A two hidden-layers ANN was then built from the ANN dataset with a training set of 576 patients (487 DVT and 89 PE) and a testing set of 16 patients (10 DVT and 6 PE). This allocation was chosen so that the number of PE cases used for training was sufficiently large. Because the training set presented with a strong imbalance with respect to the DVT/PE classes with ∼5 times more DVT than PE patients, the ANN was trained iteratively as described in the Materials and Methods section. By completion of the iterative algorithm, the final ANN obtained an area under the operative curve (AUC) of 0.89. Of more interest are the performances of the ANN in the testing set. Indeed, our ANN got F1-scores of 0.82 and 0.60 for the DVT and PE classes, respectively, and a global AUC of 0.79 in the testing set.
We then used the LIME algorithm to obtain a local linear approximate of the ANN predictions.
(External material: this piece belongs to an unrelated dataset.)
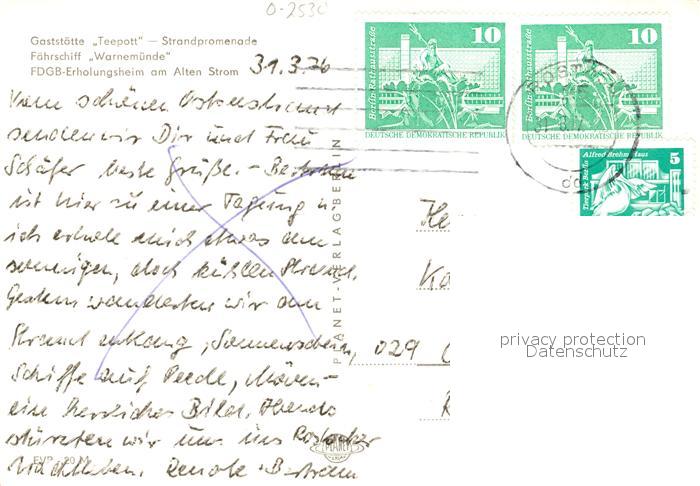 73030656 alte Postkarte Warnemuende Ostseebad Gaststaette Teepott Strandpromenade Faehrschiff Warnemuende postalisch gelaufen Erhaltung siehe scans [KathaD81] KatCode: 11110013003000

In the testing set, the LIME prediction achieved an overal AUC of 0.77 instead of 0.79 for ANN. For each of the 16 patients in the testing set, we compared the individual predictions of their observed VTE event provided by the ANN and LIME methods (Table 2). In general, ANN and LIME predictions were rather consistent even if the ANN predictions seem to be more accurate in predicting DVT while LIME appears slightly more accurate in predicting PE. The average prediction in correctly classifying DVT patients was 0.872 by ANN compared to 0.748 by LIME. Note that one DVT patient (individual 10) was wrongly predicted to be PE by the ANN predictor, but not by the LIME predictor. Conversely, the average prediction in correctly classifying PE patients was 0.498 by ANN compared to 0.578 by LIME. Two PE patients (individuals 11 & 12) presented low predictions of being PE, using both ANN and LIME predictors.
We then assessed the correlation of the LIME predictor with the available biological phenotypes. No strong correlation was observed (Supplementary Table 3). However, the LIME predictor showed marginal positive correlation with fibrinogen (ρ = 0.12, p = 5.7 × 10−3) and factor VIII (ρ = 0.16, p = 0.013) plasma levels, and marginal negative correlation with prothombin time (ρ = −0.10, p = 0.029) and protein S (ρ =-0.10, p = 0.021) plasma levels. To go further into the biological interpretation of the LIME predictor, we sought to identify which proteins contribute the most to the definition of the LIME predictor. Figure 3 display the top 20 most contributing antibodies/proteins. Of note, 5 proteins tended to have substantial more importance than the remaining ones, among which three include proteins that had been selected because their gene expression (COX4I2, VCL, VWF) was found to be specifically enriched in endothelial cells [22].
Association of rs1424597 with PE risk in the MARTHA and EOVT studies
List of the top 20 antibodies contributing the most to the prediction model for PE
Genetics of the LIME predictor
To get additional information about the biological mechanisms that could underly the linear LIME predictor, we conducted a GWAS on this predictor considered as a quantitative linear trait in a sample of 574 individuals of the ANN subsample with GWAS data. While no SNP reached genome-wide significance, we observed a peak of strong suggestive statistical association on chromosome 7 at the PLXNA4 locus (Supplementary Figure1 – Supplementary Table 4). The sentinel SNP (p = 5.33 × 10−7) was rs1424597 whose minor A allele with frequency of 0.09 was associated with an increase of +0.169±0.034 in LIME predictor values. In this subsample, the rs1424597-A allele was slightly more frequent in patients with PE than in patients with DVT only (0.15 vs 0.08, p = 4.1 × 10−3) (Table 3). The association of rs1424597 with PE risk was then assessed in the remaining MARTHA samples (738 DVT and 230 PE (DVT+PE or isolated PE) patients) with available GWAS data and that had not been used for building our ANN model. In this subsample, we observed a trend for an higher frequency of the rs1424597-A allele in PE patients compared to non PE patients (0.10 vs 0.08), even if the association did not reach significance (p = 0.20).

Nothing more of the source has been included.